For AI-focused investors, Zenith sees “incremental revenue opportunities for companies that can monetise their existing customer base”.

For instance, Zenith’s largest international shares holding, Microsoft, charges an additional fee to users who utilise their ‘co-pilot’ product, which is an AI feature that integrates into Word, Excel, PowerPoint, Outlook and Teams.

“Consequently, if companies like Microsoft can successfully embed themselves within their customer base, their competitive advantage strengthens and the moat around their business becomes increasingly impenetrable.”

Zenith also singled out its second-largest international holding, Alphabet, which it said is “likewise aggressively competing in the AI arms race”.

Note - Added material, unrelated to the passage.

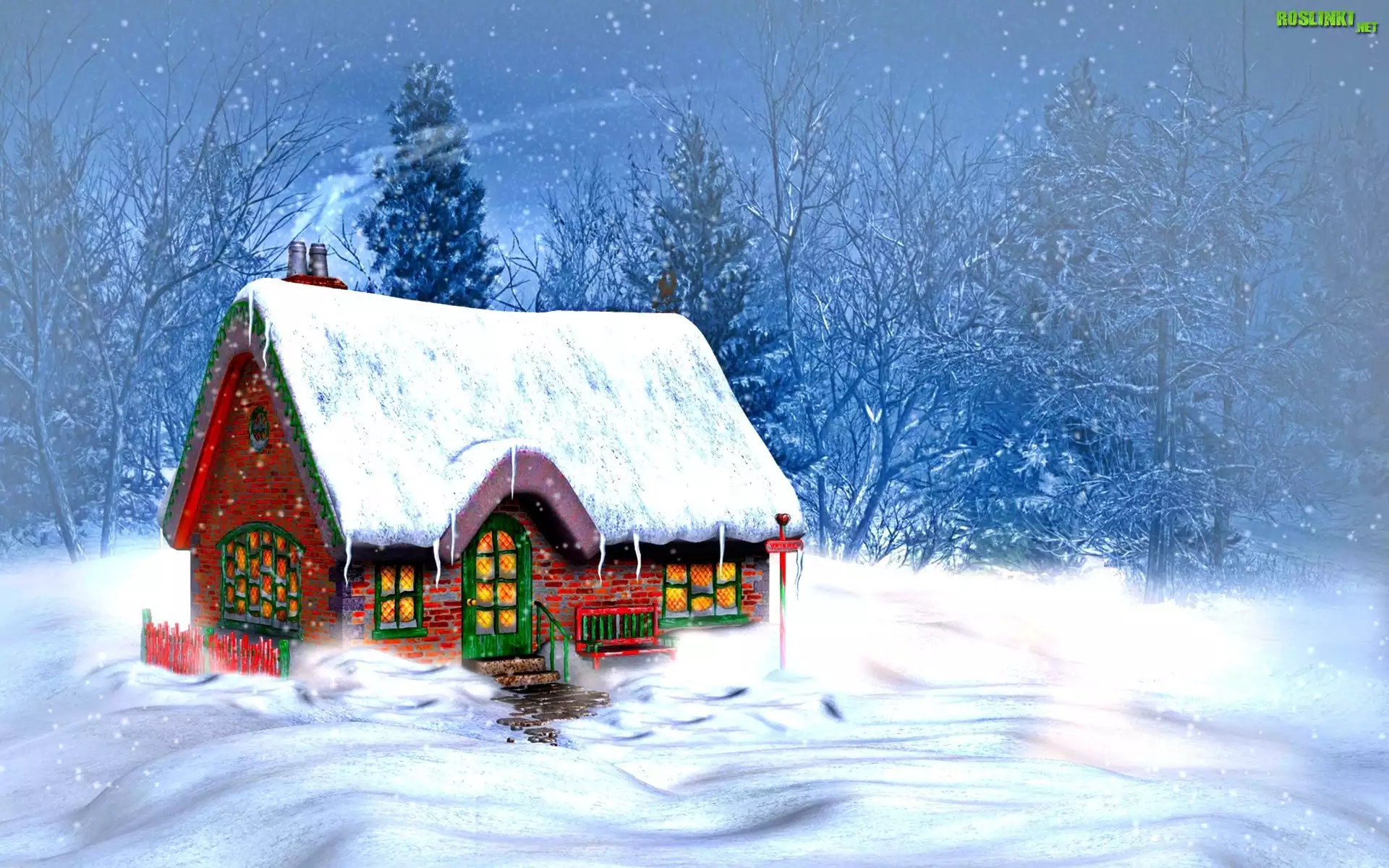 Rośliny: Domek, Zimowa, Zamieć, Śnieg

“Most recently, this has been through their newly launched generative AI model capable of ingesting video, audio and text, to rival Microsoft’s investment in Chat GPT.”

Apple, which is also investing heavily in AI, likewise features prominently in Zenith’s portfolios.

Tech investments demand ‘intestinal fortitude’

While the significant rise in the tech market – mostly notable the NASDAQ index – in the midst of a “deteriorating global growth backdrop, negative sentiment, sticky inflation and rising interest rates” has defied many prominent forecasters’ expectations, Zenith noted that these investments “weren’t generated in a straight line and required patience – and in the case of the last 18-months, intestinal fortitude”.

The investment firm added a word of caution: “Remember that there will always be a nascent issue which could potentially derail your returns; however, if you wait for perfect clarity, the share market will be expensive by the time you find it.”